Past As Prologue: A Seattle Police Bootlegging Racket Informs Lessons Of Modern Drug Cartels
NOTE: The following essay and its audio component are part of an ongoing series produced in conjunction with the Washington State University history department. The views and opinions expressed are solely those of the author.
BY KEN FAUNCE
Prohibition did not limit the demand of alcohol, and many people did not support it, including the police. On an early morning in March 1920, Seattle Police Lieutenant Roy Olmstead and Sergeant T.J. Clark met a crew of bootleggers loading a shipment of Canadian whiskey from Vancouver, B.C. for Seattle. Olmstead and Clark were not there to arrest the criminals, but to watch over the process, since they controlled the operation.
Federal prohibition agents seized the shipment and arrested Olmstead and his men, but the charges didn’t stick. Olmstead had been on the force for 13 years, being promoted to lieutenant at a young age. He had arrested several bootleggers since Washington had passed statewide prohibition in 1914. After national prohibition was enacted, Olmstead started to change his opinion on the new law, especially due to his lack of cash. He had watched other bootlegging operations as a police office, and felt he could do it better.
He arranged for a plentiful source of whiskey in Vancouver, B.C. for export. Olmstead gained access to trucks, boats and warehouses. He hired runners, mechanics, accountants and an attorney. He turned his bootlegging trade into a full-scale business and quickly earned the nickname “King of the Puget Sound Bootleggers.”
Olmstead’s operation became one of the largest employers in Western Washington by 1922. His operation grossed nearly a quarter-million dollars a month, almost $3 million in today’s money. Olmstead continued to expand his operation with shipments from Canada and a fleet of rum-running launches delivering loads all along Washington’s coast. The new plan allowed Olmstead to undercut competitors, driving many out of business in the Puget Sound area.
His wife, Elise Olmstead, started KFQX radio, the first station in Seattle. It was based out of their mansion. Her most popular program was a kid’s bedtime story show called “Aunt Vivian” in which Elise Olmstead slipped in coded messages for the liquor smuggling launches in transit on Puget Sound.
Local law enforcement didn’t seem to care about Olmstead’s practices until Bertha Landes became Seattle mayor in 1926 with a platform aimed at cleaning up the city. Up to then, many officials and officers benefitted one way or another. Federal authorities failed to catch Olmstead, due to lack of resources and his better financing.
Finally, in 1924, Olmstead and eight others were arrested on Thanksgiving Day and sentenced to four years in medium security federal prison, along with a hefty fine. While in prison he became a Christian Science minister. He was pardoned by Franklin D. Roosevelt in 1935 after Prohibition was ended by the 21st Amendment.

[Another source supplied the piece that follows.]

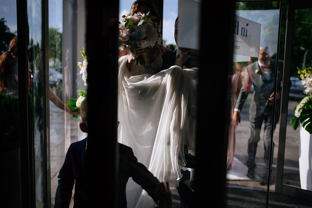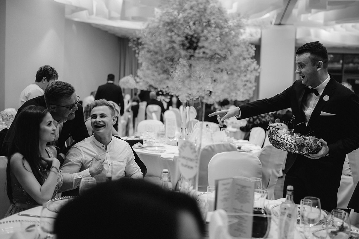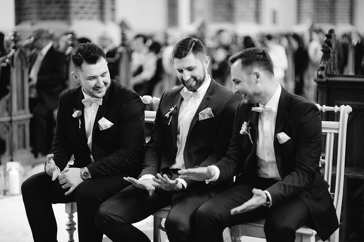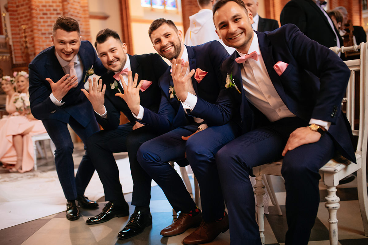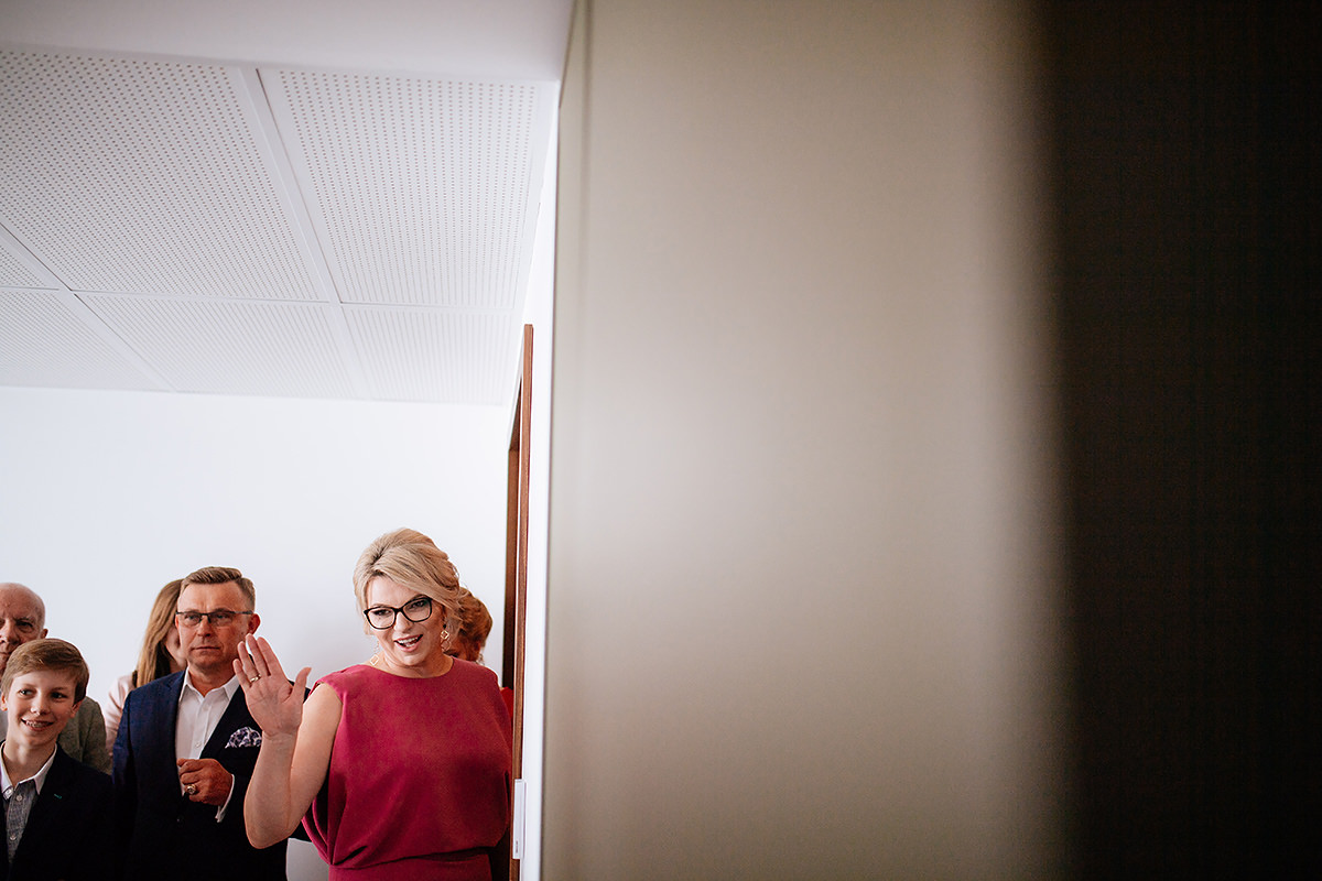 Następnie ceremonia z wesołą przysięgą. Dzięki takiej jednej literówce w trakcie wypowiadania ‚kluczowych’ słów ciśnienie spadło i banany z buziek już nie schodziły. Gest zwycięstwa i można było z powrotem wsiadać w ślubną niemiecką rakietę by popędzić na salę gdzie to działo się wieeeeele.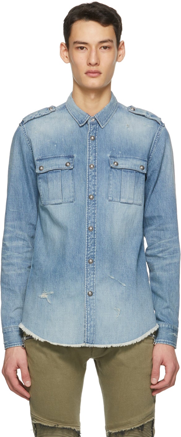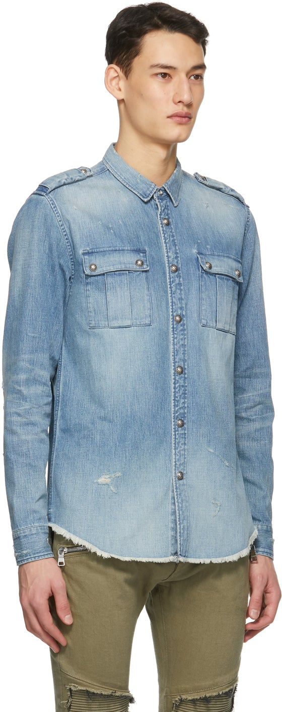 Long sleeve non-stretch denim shirt in blue. Distressing, whiskering, and fading throughout. Spread collar. Press-stud closure at front. Flap pockets at chest. Epaulets with press-stud fastening. Tonal logo embossed at back. Antiqued silver-tone hardware. Supplier color: Blue 100% cotton. Brand: Balmain

This brief account highlights the overall failure of alcohol prohibition and the rise of organized crime syndicates that profited from it. U.S. actions were observed by other countries, and our actions influenced their decisions regarding outlawing alcohol. Also, a global trade in alcohol tied to the illegal trade in the U.S. had a major influence on the global economy.
This vignette provides insight into the global trade in illegal drugs. Prohibition of certain drugs has given rise to a large international market and the rise of global drug syndicates. Outlawing these drugs has not stopped the increasing global spread and consumption.
We can learn from the failure of alcohol prohibition and its role in the rise of organized crime syndicates. There’s a similar pattern in the global “War on Drugs” and its outcome. International drug cartels continue to expand. We need to learn from our history to aid in dealing with our current drug crisis.